Assignment
If pictures are present, leave them out, and copy the data word for word.

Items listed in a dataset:
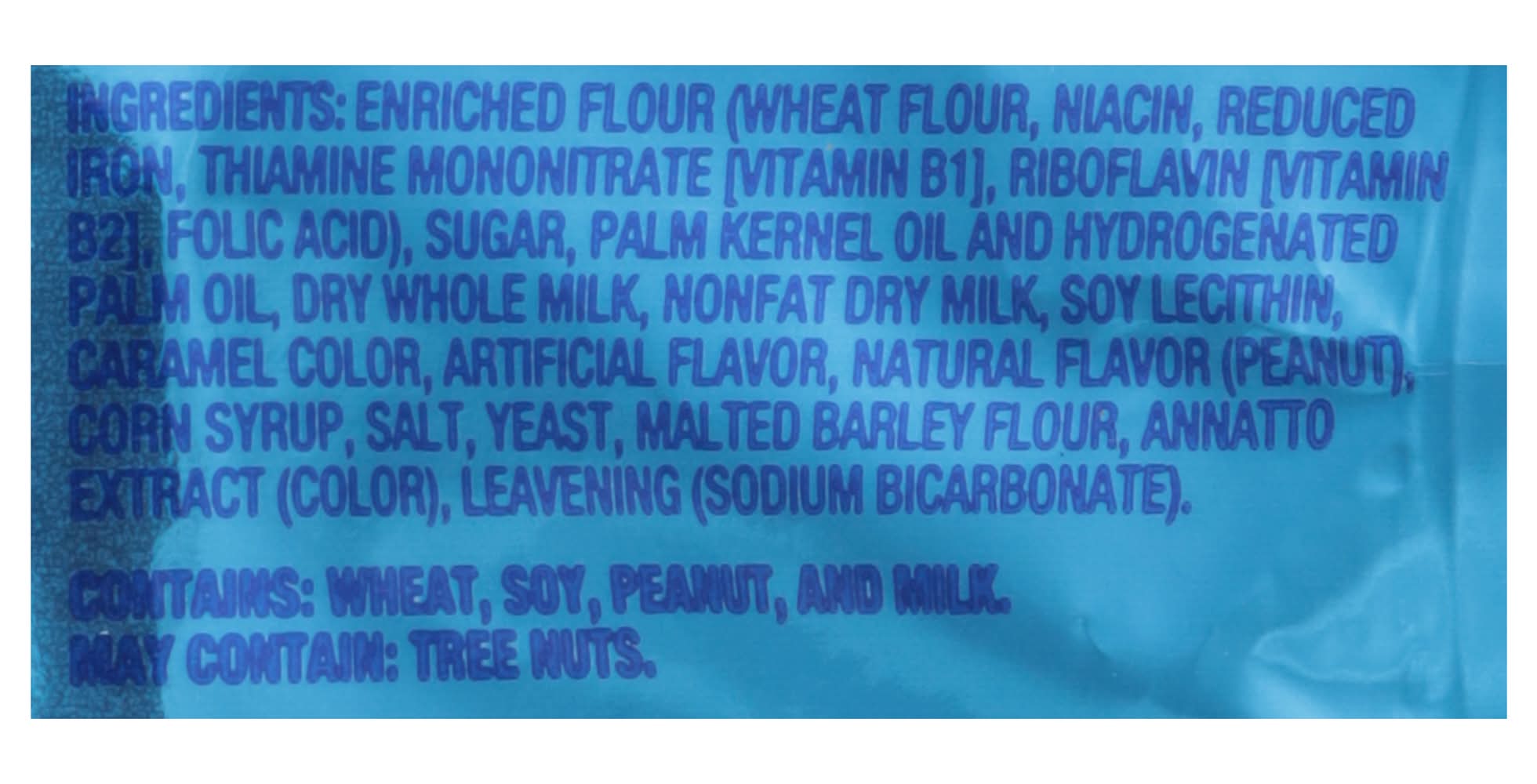 Ingredients: Enriched Flour (Wheat Flour, Niacin, Reduced Iron, Thiamine Mononitrate [Vitamin B1]), Riboflavin [Vitamin 82) Folic Acid), Sugar, Palm Kernel Oil and Hydrogenated Palm Oil, Dry Whole Milk, Nonfat Dry Milk, Soy Lecithin, Caramel Color, Artificial Flavor, Natural Flavor (Peanut Corn Syrup, Salt, Yeast, Malted Barley Flour, Annatto Extract (Color), Leavening (Sodium Bicarbonate) Contains: Wheat, Soybeans, Peanuts, Milk, Corn, Barley, Tree Nuts
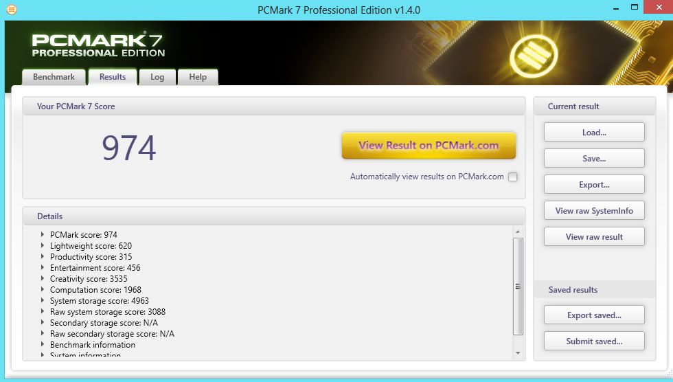 | PCMark 8 Home Score Accelerated | 988 Punkte | |
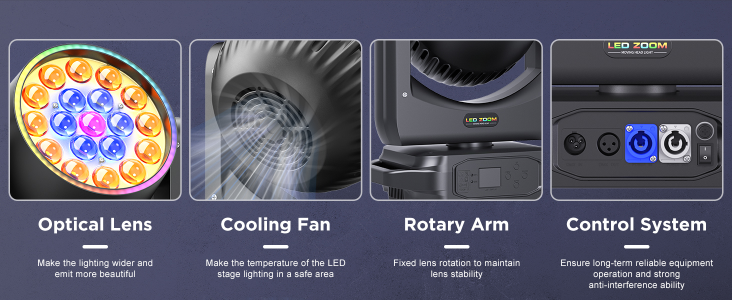 Rocking Head Function: The focusing and dyeing rocking head is equipped with a rocking head function, which can realize horizontal and vertical rotation and scanning motion. Through the console or automatic program, you can set the range and speed of the fixture's panning head movement, allowing the lights to scan and display flexibly on the stage or venue.
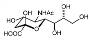 - (organic chemistry) Any of a group of amino carbohydrates that are substituted forms of neuraminic acid; they are components of glycoproteins and mucoproteins
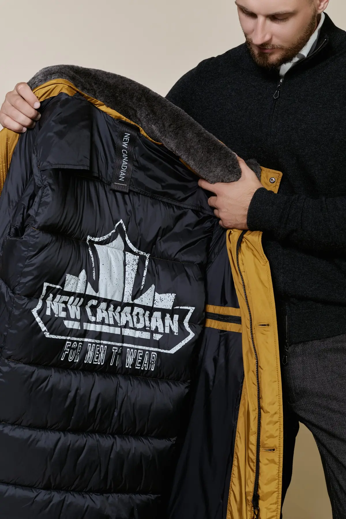 Парка New Canadian с ветроотталкивающими и водоотталкивающими свойствами, со съемным капюшоном и съемным воротником из искусственного меха. Боковые нагрудные карманы закрываются на кнопки, два закрывающихся внутренних кармана, два закрывающихся двусторонних кармана с клапанами, потайная молния с планкой на пуговицах.
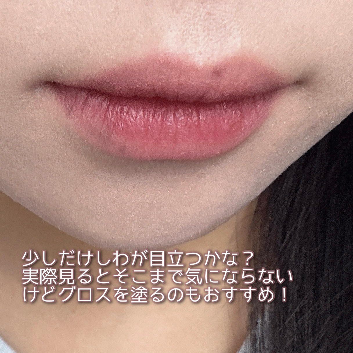 塗った直後は、濃いめにしっかり発色&艶感あり すぐに乾いて唇に定着します マスクやグラスに色移りしないのでかなり便利です✨ 少し乾燥するので気になる方は保湿リップもあわせて使用をおすすめします。
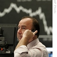 | A broker1 is seen under the curve of the German stock index DAX at the stock market in Frankfurt, central Germany, 04 Dec 2008 |
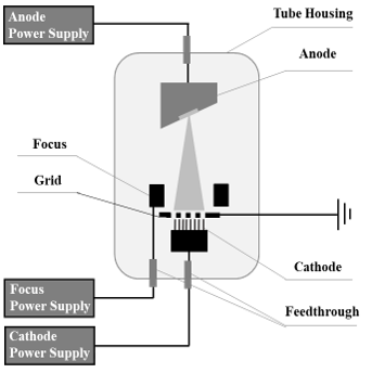 目前被廣泛采用的X射線源技術(shù),依靠“陰極加熱發(fā)出電子,電子打到陽極靶盤,發(fā)射X射線”,整個過程X射線源始終處于高壓、高熱、高轉(zhuǎn)速的狀態(tài),且需要保證高效的散熱、較高的穩(wěn)定性和較長的工作壽命,近年來一直都難有跨越式的發(fā)展。以安檢行業(yè)CT查驗設(shè)備為例,受CT滑環(huán)轉(zhuǎn)速、旋轉(zhuǎn)精度以及環(huán)上器件在高轉(zhuǎn)速下的可靠性等的限制,安檢CT的成像質(zhì)量和掃描效率幾乎達到極限,設(shè)計新型X射線源、研究相應的掃描成像方法,從根本上改變CT依賴滑環(huán)旋轉(zhuǎn)這一成像方式,已成為當前理論研究與應用技術(shù)發(fā)展的重要難題與挑戰(zhàn)。采用分布式X射線源實現(xiàn)靜態(tài)CT超快速成像是近年來輻射成像理論和應用發(fā)展的新熱點,為上述難題的解決帶來新的希望。19世紀末,科學家陸續(xù)發(fā)現(xiàn)電子在常溫下還可以從陰極表面通過量子隧穿效應逃逸,稱其為“冷陰極”發(fā)射。1991年,伊吉瑪教授發(fā)現(xiàn)碳納米管這一全新的碳基材料結(jié)構(gòu),其超大的長徑比、極高的電導率、較強的機械強度和化學穩(wěn)定性等特點,被認為是理想的“冷陰極”材料。2002年,美國北卡羅萊納大學的Otto Zhou團隊首次實現(xiàn)碳納米管“冷陰極”X射線源10mA級別的出束流強,達到工業(yè)、安檢成像所需水平,由此打開“冷陰極”X射線源規(guī)模化商用的大門。2007年,清華大學輻射成像團隊基于分布式X射線源開展了CT三維成像應用的早期研究,對分布式射線源靜態(tài)CT系統(tǒng)、快速靜態(tài)CT成像方法等方面開展了大量研究工作。國內(nèi)外高校團隊的早期探索,給了創(chuàng)新技術(shù)的發(fā)展和成熟提供了最好的土壤。

Solution to the problem
 Ingredients: Enriched Flour (Wheat Flour, Niacin, Reduced Iron, Thiamine Mononitrate [Vitamin B1]), Riboflavin [Vitamin 82) Folic Acid), Sugar, Palm Kernel Oil and Hydrogenated Palm Oil, Dry Whole Milk, Nonfat Dry Milk, Soy Lecithin, Caramel Color, Artificial Flavor, Natural Flavor (Peanut Corn Syrup, Salt, Yeast, Malted Barley Flour, Annatto Extract (Color), Leavening (Sodium Bicarbonate) Contains: Wheat, Soybeans, Peanuts, Milk, Corn, Barley, Tree Nuts
 | PCMark 8 Home Score Accelerated | 988 Punkte | |
 Rocking Head Function: The focusing and dyeing rocking head is equipped with a rocking head function, which can realize horizontal and vertical rotation and scanning motion. Through the console or automatic program, you can set the range and speed of the fixture's panning head movement, allowing the lights to scan and display flexibly on the stage or venue.
 - (organic chemistry) Any of a group of amino carbohydrates that are substituted forms of neuraminic acid; they are components of glycoproteins and mucoproteins
 Парка New Canadian с ветроотталкивающими и водоотталкивающими свойствами, со съемным капюшоном и съемным воротником из искусственного меха. Боковые нагрудные карманы закрываются на кнопки, два закрывающихся внутренних кармана, два закрывающихся двусторонних кармана с клапанами, потайная молния с планкой на пуговицах.
 塗った直後は、濃いめにしっかり発色&艶感あり すぐに乾いて唇に定着します マスクやグラスに色移りしないのでかなり便利です✨ 少し乾燥するので気になる方は保湿リップもあわせて使用をおすすめします。
 | A broker1 is seen under the curve of the German stock index DAX at the stock market in Frankfurt, central Germany, 04 Dec 2008 |
 目前被廣泛采用的X射線源技術(shù),依靠“陰極加熱發(fā)出電子,電子打到陽極靶盤,發(fā)射X射線”,整個過程X射線源始終處于高壓、高熱、高轉(zhuǎn)速的狀態(tài),且需要保證高效的散熱、較高的穩(wěn)定性和較長的工作壽命,近年來一直都難有跨越式的發(fā)展。以安檢行業(yè)CT查驗設(shè)備為例,受CT滑環(huán)轉(zhuǎn)速、旋轉(zhuǎn)精度以及環(huán)上器件在高轉(zhuǎn)速下的可靠性等的限制,安檢CT的成像質(zhì)量和掃描效率幾乎達到極限,設(shè)計新型X射線源、研究相應的掃描成像方法,從根本上改變CT依賴滑環(huán)旋轉(zhuǎn)這一成像方式,已成為當前理論研究與應用技術(shù)發(fā)展的重要難題與挑戰(zhàn)。采用分布式X射線源實現(xiàn)靜態(tài)CT超快速成像是近年來輻射成像理論和應用發(fā)展的新熱點,為上述難題的解決帶來新的希望。19世紀末,科學家陸續(xù)發(fā)現(xiàn)電子在常溫下還可以從陰極表面通過量子隧穿效應逃逸,稱其為“冷陰極”發(fā)射。1991年,伊吉瑪教授發(fā)現(xiàn)碳納米管這一全新的碳基材料結(jié)構(gòu),其超大的長徑比、極高的電導率、較強的機械強度和化學穩(wěn)定性等特點,被認為是理想的“冷陰極”材料。2002年,美國北卡羅萊納大學的Otto Zhou團隊首次實現(xiàn)碳納米管“冷陰極”X射線源10mA級別的出束流強,達到工業(yè)、安檢成像所需水平,由此打開“冷陰極”X射線源規(guī)模化商用的大門。2007年,清華大學輻射成像團隊基于分布式X射線源開展了CT三維成像應用的早期研究,對分布式射線源靜態(tài)CT系統(tǒng)、快速靜態(tài)CT成像方法等方面開展了大量研究工作。國內(nèi)外高校團隊的早期探索,給了創(chuàng)新技術(shù)的發(fā)展和成熟提供了最好的土壤。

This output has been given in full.